Saturday, October 11, 2014

A Perfect Autumn Day in Maine: Climbing the Beehive in Acadia National Park and a Lobstah Pound Lunch

October 2, 2014
Acadia National Park & Bernard, ME

We arrived in Bar Harbor to a late afternoon not-very-welcoming committee of overcast skies, chilly temps and brisk breezes that felt closer to winter than the final day of September.  

Acadia National Park
The following day, October 1st, continued cloudy and cool and we spent it wandering and exploring in Acadia National Park in the damp and gloom.  When our second and final day in town dawned sunny and with a promise of warmth in the air, we enthusiastically set off for the park after breakfast at our Holiday Inn resort hotel.  

The previous day, Scott had overheard rangers and other park visitors talking about the popular Beehive Trail, where hikers use iron rungs and ladders along with simple hand- and footholds carved into the rock face to scale the side of a mountain with the reward of stunning views at the top.  He was intrigued and enthusiastic to try it. "How bad could it be?" I thought to myself, since they let just anyone do it.  Besides, I love climbing opportunities on hikes and was feeling adventurous and nimble, so we off we went.  

The trail started out very easy and largely flat and provided a pleasant, tree-lined morning meander through the sun-dappled woods.  

And then we came to this sign at a junction in the trail.

I started to get the feeling that this adventure might prove to be a tad more challenging that originally anticipated.  I looked up and, in the distance, saw tiny hikers appearing to scale the side of a mountain.  With a jolt, I realized  that this was precisely where we were headed! 

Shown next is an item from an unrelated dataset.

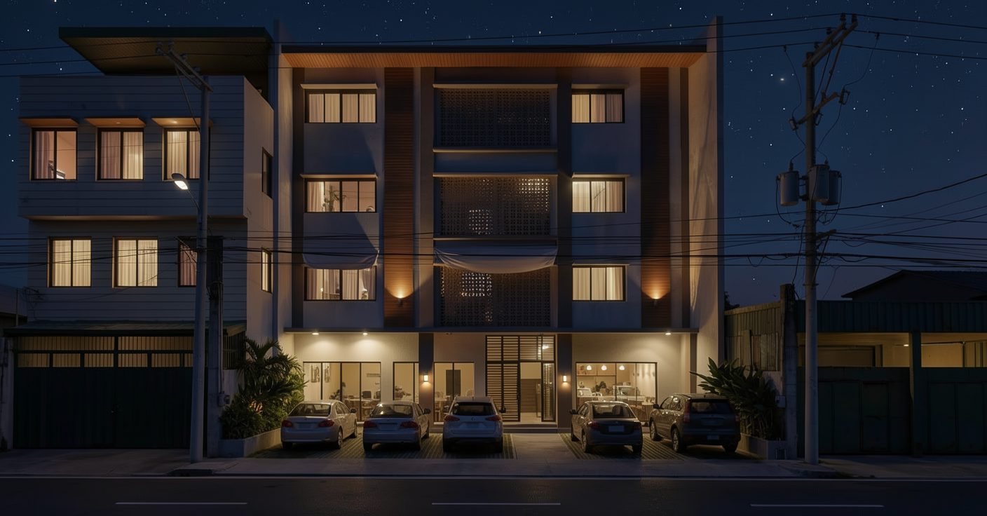 evening lighting in the space add lighting inside the glass cabinets with the wine glasses add lighting on the marble countertop add a wine and cheese platter on the marble countertop add wine bottles inside the two wine refrigerators make the view to the outside through the french doors dark with some lights on from a condo building next door light up the vertical wine racks between the cabinets add a man a playing a game of with a woman next to him waiting to take a shot with balls randomly arranged on the table add two modern pendants lights over the pool table remove the pool that is laying on the table in the source image make the lighting inside the cabinets the same for all of them keep the cabinets white like the source image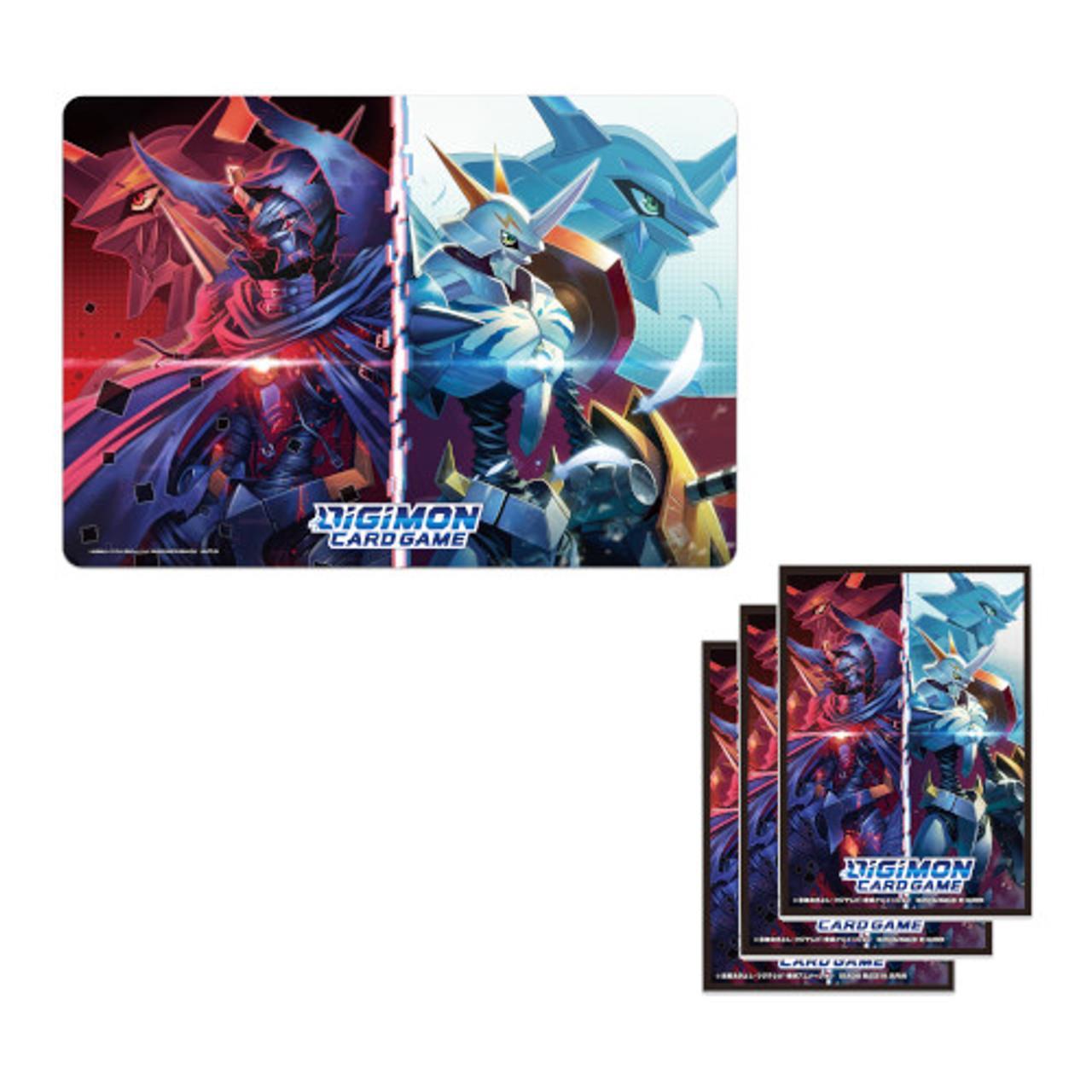 The perfect way to get started with a game of Digimon ??protect your cards in storage and during gameplay with this set of Sleeves and a Game Playmat. 60 Card sleeves and Playmat with an exclusive design sure to satisfy DIGIMON collectors and fans.

While it is only about .8 miles to the top, this was easily the most treacherous feat I've attempted.  Ever.  For much of the trail, I was completely terrified, knowing that one stumble or missed hand-hold could mean a freefall toward near certain and painful death (as the warning sign located at the trailhead had so kindly pointed out). 

Negotiating the nearly vertical ascent of the Beehive
However, to my credit, not once did I even think about turning around (which is good because it is basically impossible to turn back once you begin).  I bravely soldiered on, utterly and completely focused on that task at hand, namely that of preserving my own life.  

The many hours Scott has put in at the climbing gym over the past year really paid off on this venture.  I let him go first and he frequently made helpful suggestions for strategic hand and foot placement in order to most safely and easily get to the next level as we switchbacked up the mountainside.  

"Sure, I feel like walking across an iron ladder extending out over thin air on the side of a mountain, why not?"
Finally, and seemingly against all odds, we reached the summit.  Upon reaching the top, the euphoria and adrenaline rush from simply having made it to safety might have been even more rewarding than the (albeit gorgeous) views!  

All the same, after a couple of cloudy days, having the opportunity to see the park’s beauty in the bright autumn sunshine did not disappoint!

Scott admires the view from the summit
View from the summit
After our death-defying morning climb, we decided we had more than earned our planned lunch that day at a lobster pound – an obvious must-do when in Maine.  The places we had passed by in and around Bar Harbor appeared uninspiring and we really wanted to have a great lobster pound experience.  So Scott jumped on Yelp and discovered Thurston’s.  Located clear on the other side of the island from Bar Harbor, it was little more than a shack, albeit a prettily trimmed one, with a no-frills, screened-in dining room and separate bar, both perched over the water and overlooking a charming, working harbor.  

The menu was simple and the food simply amazing.  Scott took this opportunity to tuck into an entire 2.5 pound lobster while I enjoyed the amazingly delicious crab-and grilled-cheese sandwich.

Oh yeah, it's Maine lobster time!
My crab sandwich (on plain sandwich bread, at that) might not look like much but, let me assure you, it was unadulterated, fresh-seafood bliss!
Thurston's proved to be pure New England-shellfish-and-ambiance perfection - it was exactly what we were looking for!  The only downside was that we had to sit in island construction traffic for an hour in order to get there.  And we would do it all over again without a moment’s hesitation!

More photos:
Admiring the view from the halfway point on the Beehive Trail
Climbing the Beehive

Enjoying a relaxing stretch of the Beehive Trail
Beehive summit selfie - we made it!!!
View from the top
Beehive Summit vistas

Beehive summit panorama
The less steep (read vertical) return trail down the other side took us by a pretty lake known as "The Bowl"
The Bowl, captured in the autumn sunshine
The Bowl
While much less perilous, there was still a little climbing required on the return trail...
A customer selects their lobster from the "pound"
The "pound"
Thurston's wins for best bloody mary ever, due to the de-shelled lobster-meat claw garnish!
Scott's lunch - dig in!
Thurston's screened-in dinning room, overlooking Bass Harbor

Lobster boat moored at Thurston's dock
Bass Harbor
Lobster traps
The inviting deck off of Thurston's bar offered a picturesque photo op
If I were a local, Thurston's bar would definitely be my hangout!